JA Energy (“the Company” or the Registrant”) with the approval of the Board of Directors agreed to issue 30,000,000 unregistered restricted Class A Common Stock, 6,000,000 unregistered restricted Class B Voting Common Stock, which carries a voting weight equal to ten (10) Common Shares and 40,000,000 unregistered restricted Class C Common Stock to UBI Blockchain Internet, LTD, a Hong Kong company, in exchange for $200,000. The Class C Common Stock cannot be issued, until such time, as the Company increased its number of authorized shares. The shares were issued on October 3, 2016. The funds from this offering will be used to reduce the debt of the Company and cancel 5,000 voting preferred shares, which was the collateral for this debt.

 

These shares were issued in reliance on the exemption under Section 4(2) of the Securities Act of 1933, as amended (the "Act") and were issued under Regulation S to one (1) foreign entity who attested it is an accredited investor who is not a citizen nor a resident of the USA. The issuance of these shares did not involve a public offering. The offering was not a "public offering" as defined in Section 4(2) due to the fact that only one (1) foreign entity was involved in the offering, the size of the offering, the manner of the offering and number of shares offered. We did not undertake an offering in which we sold shares to a high number of investors. The management of the foreign entity was known to us, through pre-existing business relationships, as a long standing business associate. We did not engage in any form of general solicitation or general advertising in connection with this transaction. The investor was provided access to all material information requested and all information necessary to verify such information and was afforded access to our management in connection with this transaction.
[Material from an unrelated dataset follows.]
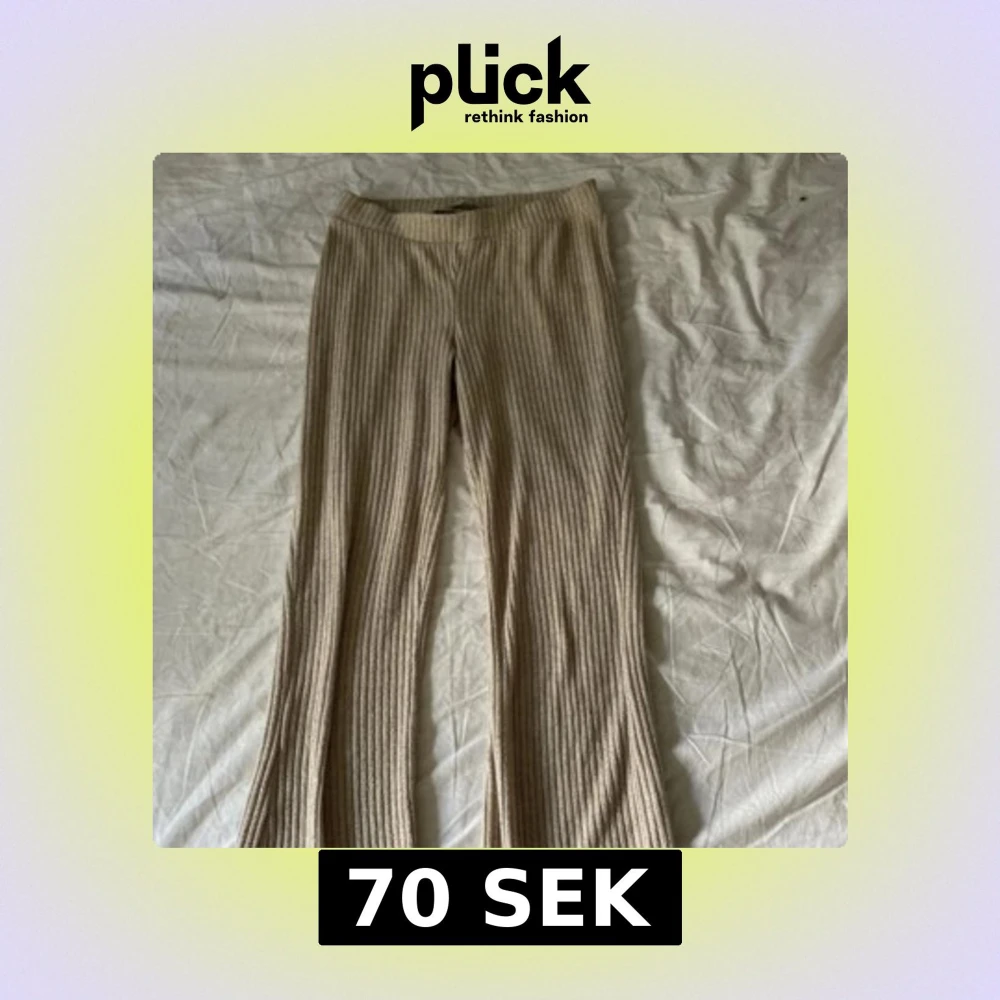 Säljer ett par beige ribbade byxor med breda ben och skön passform. Byxorna har en mjuk, stickad känsla och är perfekta för en chill och trendig look. De är höga i midjan och har en snygg, avslappnad vibe.
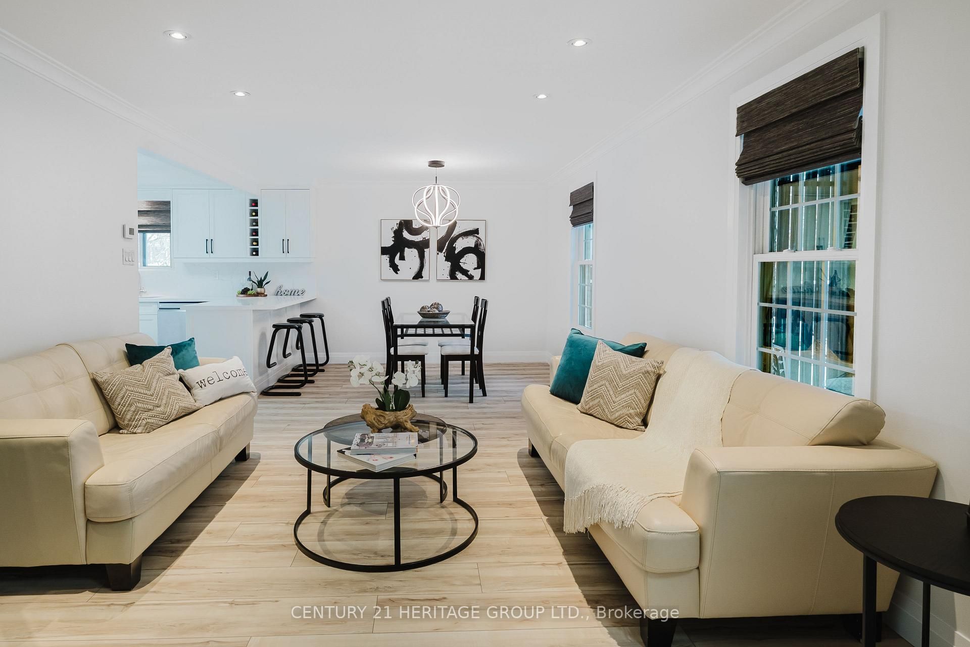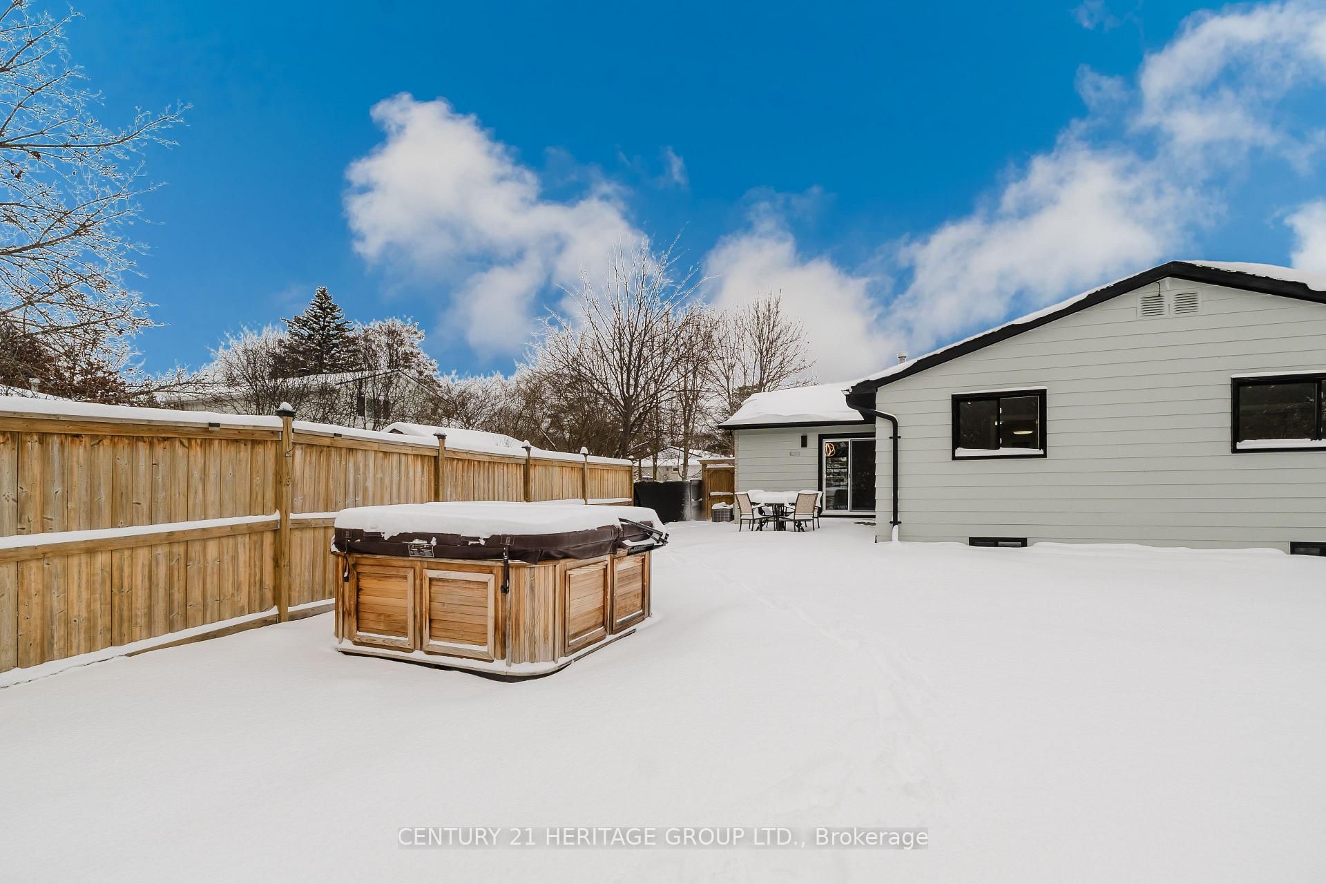 Rare find! Renovated bungalow with 20 x40 workshop on massive 93 x 185 ft pool size lot, with municiple serivces. Spectacular one-of-a-kind fully renovated 4-bedroom bungalow (approx. 3,000sqft living space) situated on a huge pool-size lot, tucked away on a quiet in-town private courtyard in a family-friendly neighbourhood. Features a brand-new 20' x 40' double car door garage/workshop with 13-ft ceilings, perfect for hobbyists or extra storage. Stunning new kitchen with quartz countertops, breakfast island, extra-tall uppers, stainless steel appliances, and walkout to the expansive backyard. Upgrades include 9" plank vinyl flooring, smooth ceilings, pot lights, crown moulding, open-concept layout, large walk-in pantry, closet organizers, and modern baths with floating vanities and glass showers. Recent improvements include newer fencing, new exterior garage doors and openers, exterior refacing, and concrete porch. Private backyard backing on to ravine and park land, offers a pool-size lot and hot tub-ideal for relaxing and entertaining. Brand-new finished basement provides generous additional living space for a growing family. Bonus solar panel contract included $$$reach out to listing agent for details.

This foreign entity acquired these securities for investment and not with a view toward distribution, acknowledging such intent to us. The foreign entity understood the ramifications of their actions. In addition, the investor had the necessary investment intent as required by Section 4(2) since it agreed to and received share certificates bearing a legend stating that such shares are restricted.

 

With the issuance of 30,000,000 restricted Class A Common Stock and 6,000,000 Class B Common Stock, par value $0.001, the Company will have 30,217,046 Class A Common and 6,000,000 Class B Voting Common shares issued and outstanding. The Class B Voting shares have the voting rights equal to 60,000,000 common shares. The Class A Common Stock and Class B Common Stock of JA Energy vote together as a single class.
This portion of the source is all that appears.